As an exercise, figure out the conditional distribution of X given Y, and the conditional distribution of Y given X.

Continuous bivariate distributions

Next, we turn to continuous bivariate/multivariate distributions.

The variance-covariance matrix:

\[\begin{equation}\label{eq:covmatfoundations} \Sigma = \begin{pmatrix} \sigma _{X}^2 & \rho_{XY}\sigma _{X}\sigma _{Y}\\ \rho_{XY}\sigma _{X}\sigma _{Y} & \sigma _{Y}^2\\ \end{pmatrix} \end{equation}\]

The off-diagonals of this matrix contain the covariance between \(X\) and \(Y\):

\[Cov(X,Y) = \rho_{XY}\sigma _{X}\sigma _{Y}\]

The joint distribution of \(X\) and \(Y\) is defined as follows:

\[\begin{equation}\label{eq:jointpriordistfoundations} \begin{pmatrix} X \\ Y \\ \end{pmatrix} \sim \mathcal{N}_2 \left( \begin{pmatrix} 0 \\ 0 \\ \end{pmatrix}, \Sigma \right) \end{equation}\]

The joint PDF has the property that the volume under the curve sums to 1.

Formally, we would write the volume under the curve as a double integral: we are summing up the volume under the curve for both \(X\) and \(Y\) (hence the two integrals).

\[\begin{equation} \iint_{S_{X,Y}} f_{X,Y}(x,y)\, dx dy = 1 \end{equation}\]

Here, the terms \(dx\) and \(dy\) express the fact that we are computing the volume under the curve along the \(X\) axis and the \(Y\) axis.
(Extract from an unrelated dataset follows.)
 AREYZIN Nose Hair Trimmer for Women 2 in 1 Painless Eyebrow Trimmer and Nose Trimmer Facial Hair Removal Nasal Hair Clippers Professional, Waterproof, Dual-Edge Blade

The joint CDF would be written as follows. The equation below gives us the probability of observing a value like \((u,v)\) or some value smaller than that (i.e., some \((u',v')\), such that \(u'<u\) and \(v'<v\)).
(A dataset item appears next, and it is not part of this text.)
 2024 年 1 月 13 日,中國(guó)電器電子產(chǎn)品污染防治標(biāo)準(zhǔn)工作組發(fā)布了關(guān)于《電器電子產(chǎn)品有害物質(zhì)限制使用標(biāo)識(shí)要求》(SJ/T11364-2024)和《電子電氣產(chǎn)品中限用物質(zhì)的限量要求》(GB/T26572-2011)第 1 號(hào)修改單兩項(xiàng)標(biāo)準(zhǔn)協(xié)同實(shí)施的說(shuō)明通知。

\[\begin{equation} \begin{split} F_{X,Y}(u,v) =& \hbox{Prob}(X<u,Y<v)\\ =& \int_{-\infty}^u \int_{-\infty}^v f_{X,Y}(x,y)\, dy dx \\ ~& \hbox{ for } (x,y) \in \mathbb{R}^2\\ \end{split} \end{equation}\]

Just as in the discrete case, the marginal distributions can be derived by marginalizing out the other random variable:

\[\begin{equation} f_X(x) = \int_{S_Y} f_{X,Y}(x,y)\, dy \quad f_Y(y) = \int_{S_X} f_{X,Y}(x,y)\, dx \end{equation}\]

Here, \(S_X\) and \(S_Y\) are the respective supports.

Generate simulated bivariate (multivariate) data

## define a variance-covariance matrix:
Sigma <- matrix(c(5^2, 5 * 10 * 0.6, 
                  5 * 10 * 0.6, 10^2),
  byrow = FALSE, ncol = 2
)
## generate data:
u <- MASS::mvrnorm(n = 100, mu = c(0, 0), 
                   Sigma = Sigma)
head(u, n = 3)
##           [,1]       [,2]
## [1,] -1.796916  -6.710635
## [2,] -1.240513   9.394426
## [3,] -3.011623 -12.695913

One practical implication: Such bi/multivariate distributions become critically important to understand when we turn to hierarchical (linear mixed) models.